Creation of a new directory ' lang '. In this directory would be files of type XX.py \(XX there being the code ISO 639 of the language\). Thus this directory will contain 1 file by existing code of language.

When the various programs want to post a message on the console, the order used is very often ' wikipedia.output ' or ' wikipedia.input '. The work of this order would be to call the xx.py file with the number of the message to be sent back in parameter, the choice of the xx would be given by the mylang variable to user-config.py

The xx.py file would send then the message to be posted\(shown\) by taking into account various variables of type %s \(or other\) naturally 

Example:
In user-config.py, I have " mylang = ' fr ' "
Replace.py in the line 375 contains the command " wikipedia.input \(u' Please enter the new text: '\) ", 
The new system would code " wikipedia.input \(u' Please enter the new text: '\) "by" wikipedia.input.message \(284\) " call thus lang/fr.py and would ask it to return it the message n° 284 which would be " s'il vous plais, entrez le nouveaux texte : ".

Here we are, by hoping to have understood my demand.  
I thank you for your listening
Comment 1 Kunal Mehta (Legoktm) 2013-10-05 04:25:19 UTC
Logged In: YES 
user\_id=880694
Originator: NO

Your approach works for static strings like wikipedia.input\(u'Please enter the new text: '\), but it doesn't work for dynamic ones like output\(u'Page %s moved to %s' % \(self.title\(\), newtitle\)\).
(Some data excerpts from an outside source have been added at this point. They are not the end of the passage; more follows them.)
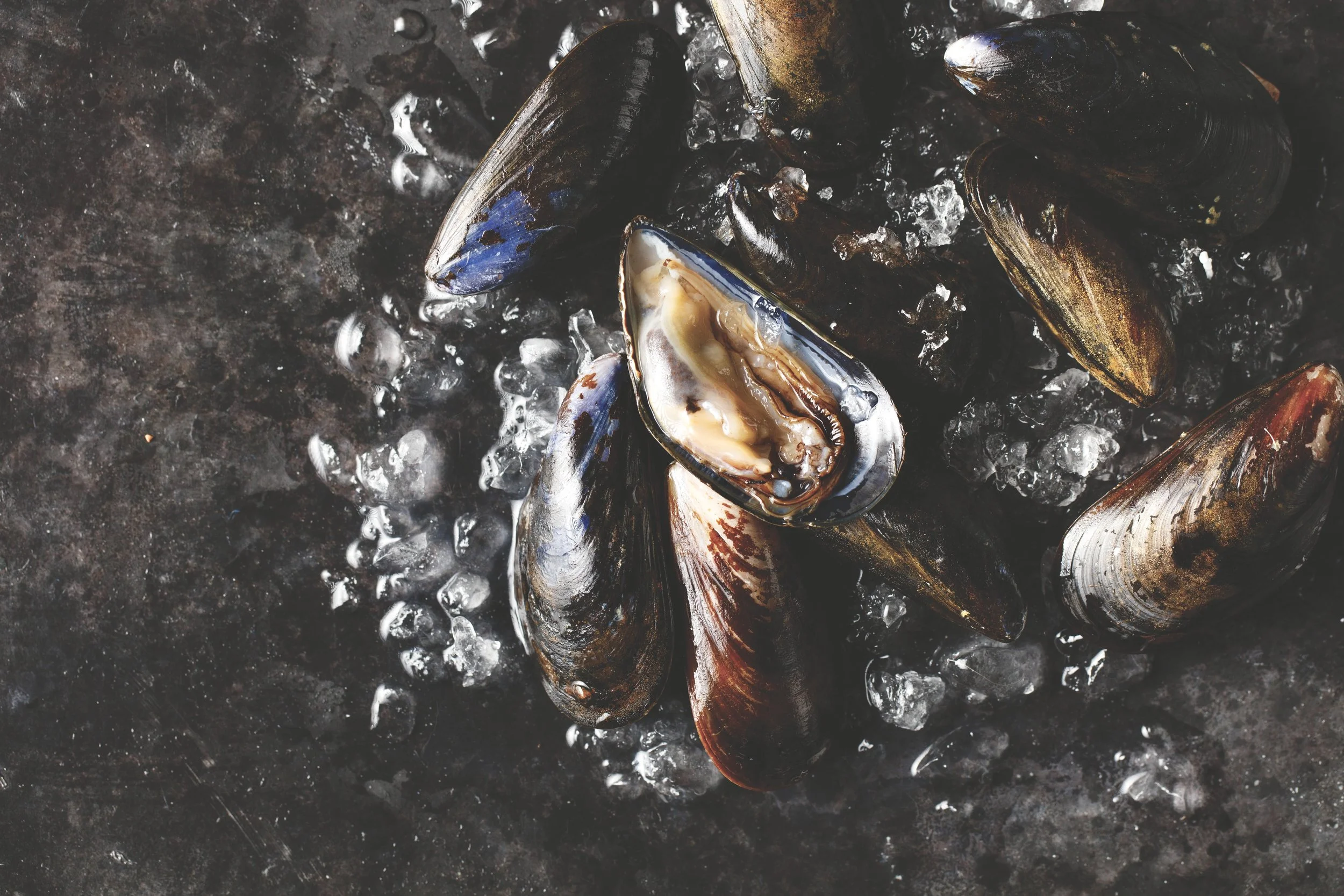 Raw Mussels on Ice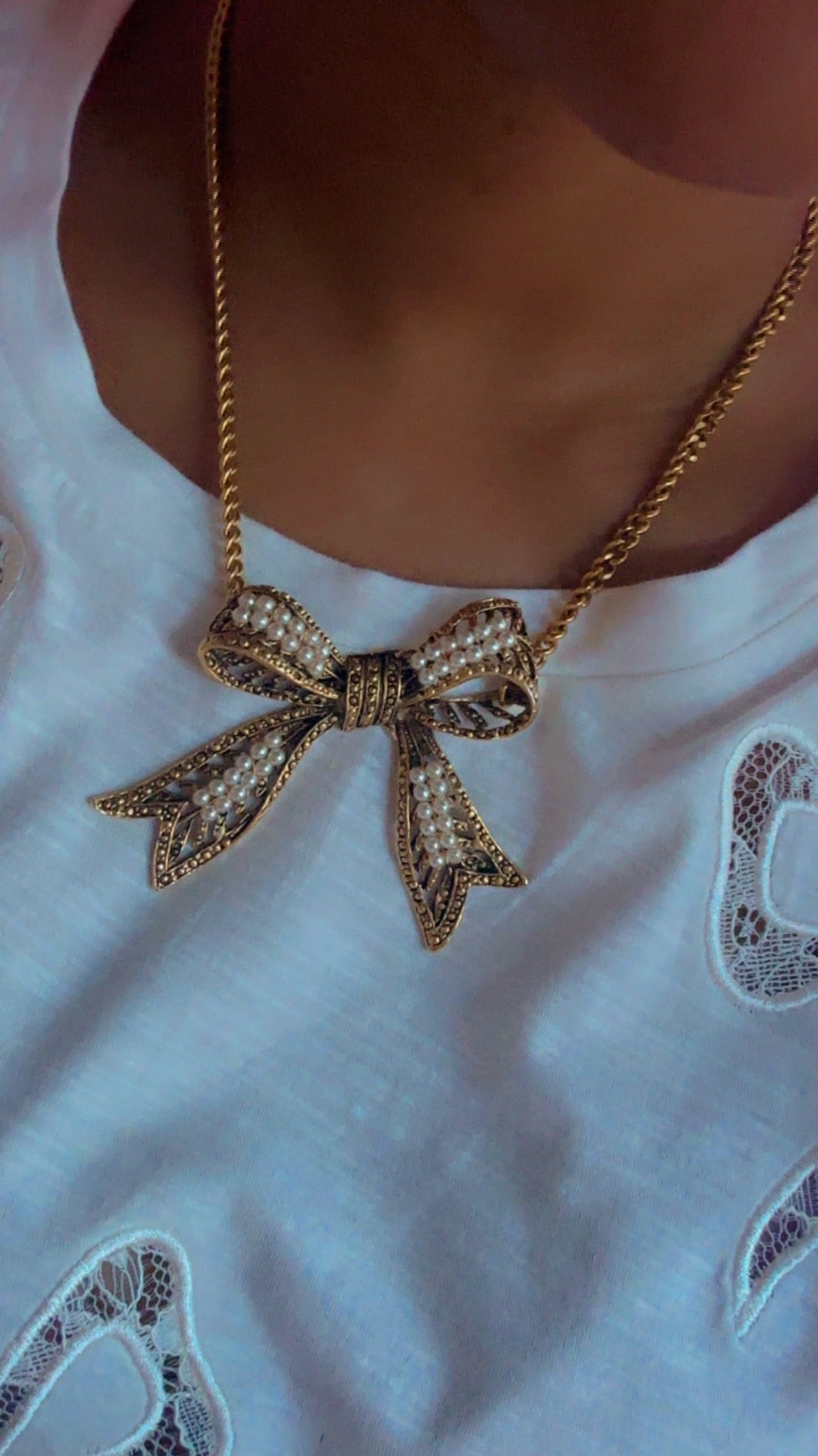 Bow Necklace Glass Pearls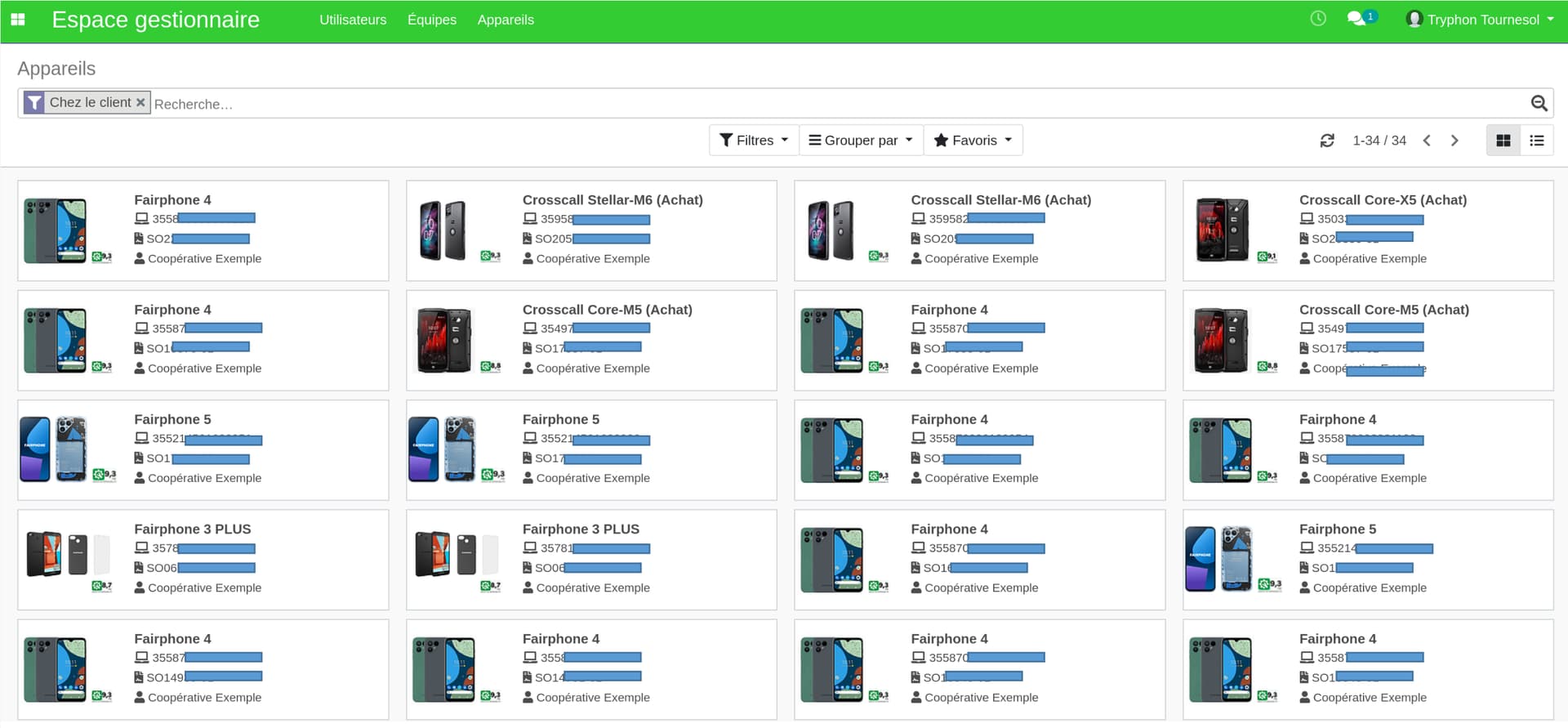 Vous trouverez l’ensemble des appareils en location dans votre structure en cliquant sur la section « Appareils » disponible dans votre espace gestionnaire.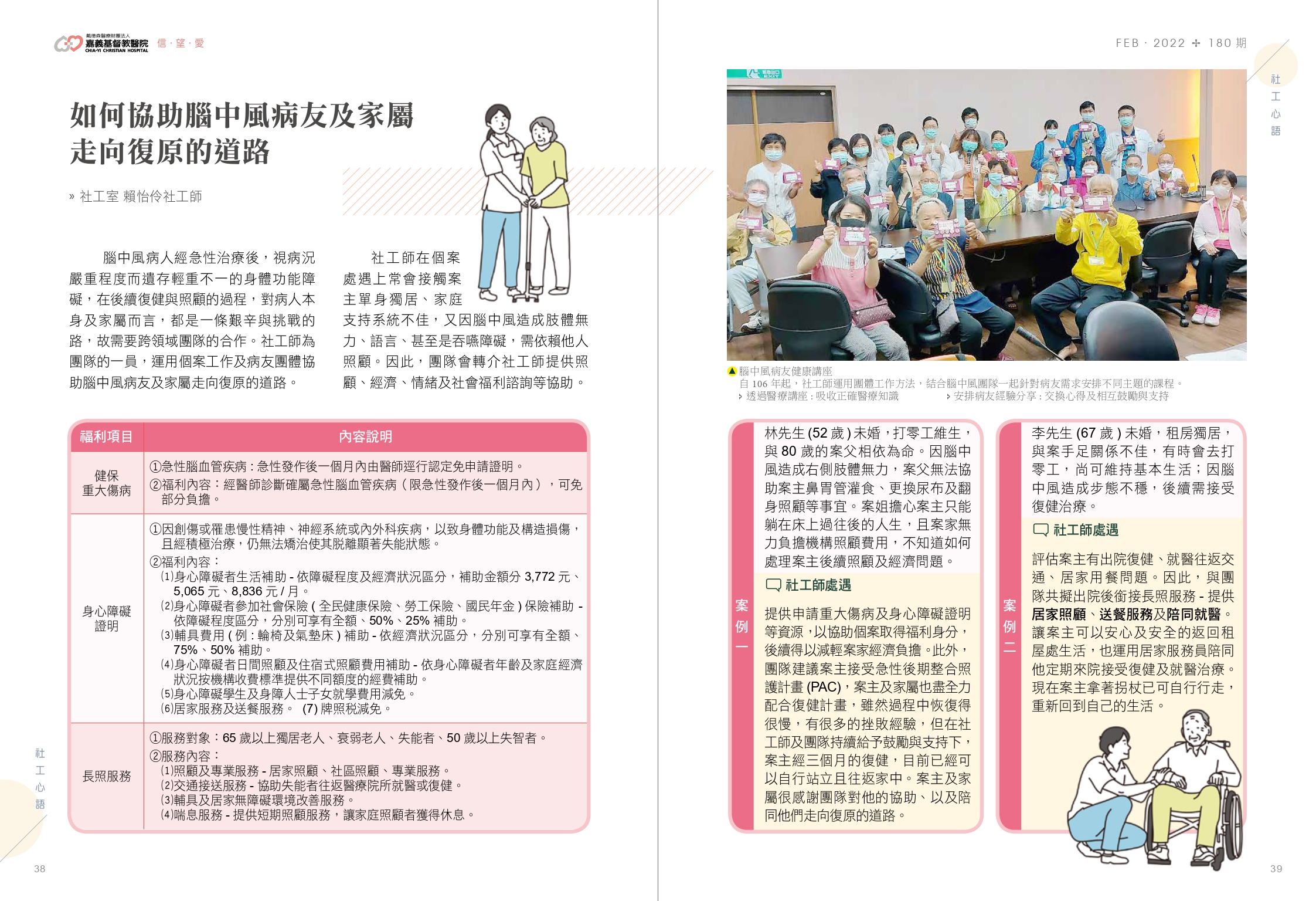 腦中風病人經急性治療後,視病況嚴重程度而遺存輕重不一的身體功能障礙,在後續復健與照顧的過程,對病人本身及家屬而言,都是一條艱辛與挑戰的路,故需要跨領域團隊的合作。社工師為團隊的一員,運用個案工作及病友團體協助腦中風病友及家屬走向復原的道路。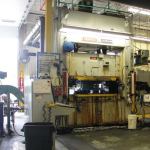 This progressive die metal stamping press is punching out steel pieces for use in various tools—including wire strippers.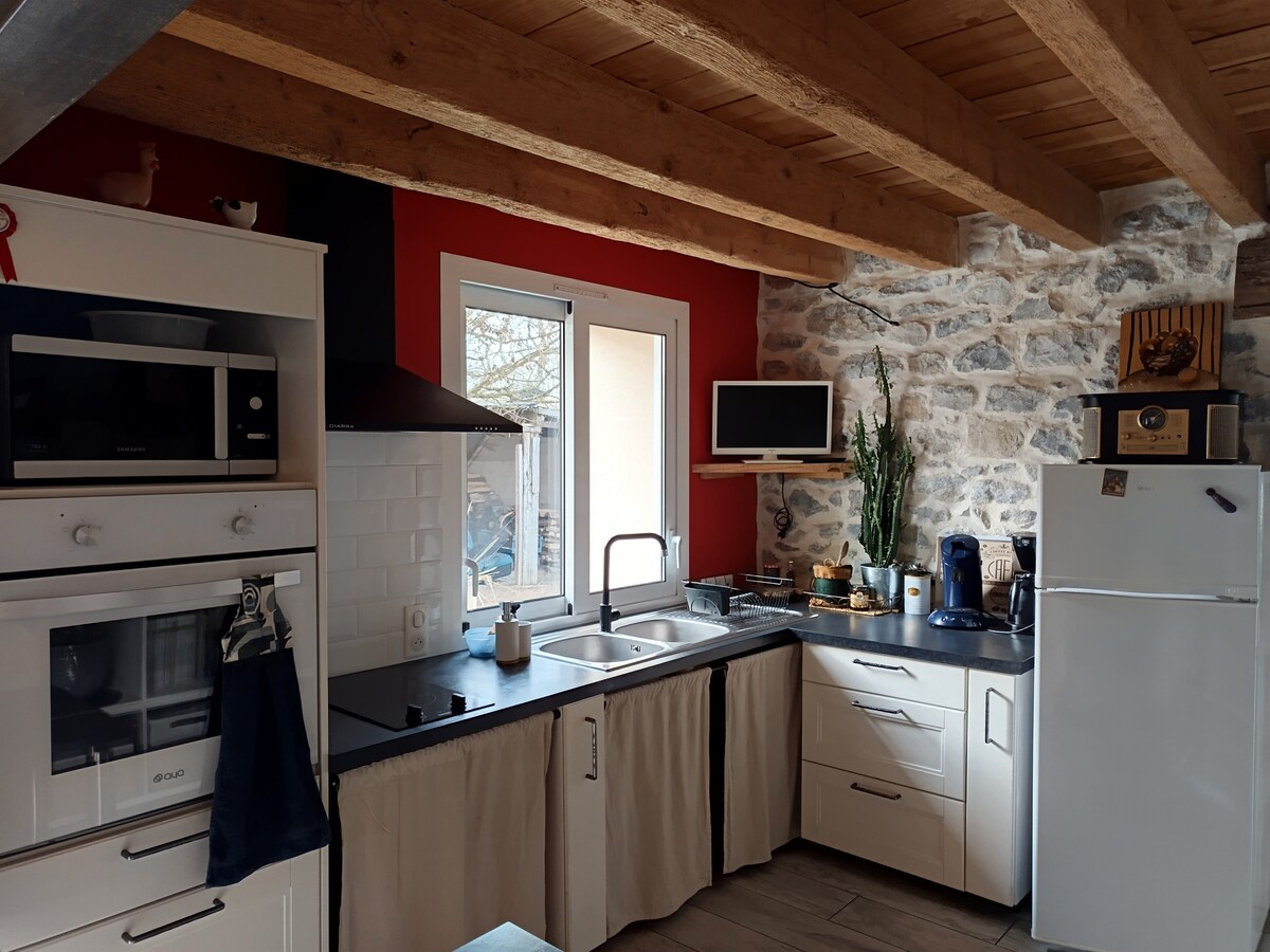 This is our newest 3 bedroom gite on the property. The kitchen is fully functional and spacious. Two cooking induction rings are in function. You will also find a dishwasher and a coffee machine + a water boiler. The living room has basic yet comfortable furniture. The gite includes a private entrance and a garden. The swimming pool and terrain are shared with other guests. The property is not baby/child proof.

Instead, we could use gettext: http://docs.python.org/lib/module-gettext.html

What do you think?
Comment 2 Kunal Mehta (Legoktm) 2013-10-05 04:25:21 UTC
- **labels**: 745454 -->
Comment 3 Kunal Mehta (Legoktm) 2013-10-05 04:25:23 UTC
Logged In: YES 
user\_id=687283
Originator: NO

I have no idea if gettext is usable on non-unix platforms, and whether it allows to use locally saved translations. If it does, I think we might give it a try. We would need to change all 'text %s %s' % \(self.title\(\), newtitle\) commands to their dictionary relatives, 'text %\(title\)s %\(newtitle\)s' % \{'title': self.title\(\), 'newtitle': newtitle\). Not a small job, but doable, I suppose.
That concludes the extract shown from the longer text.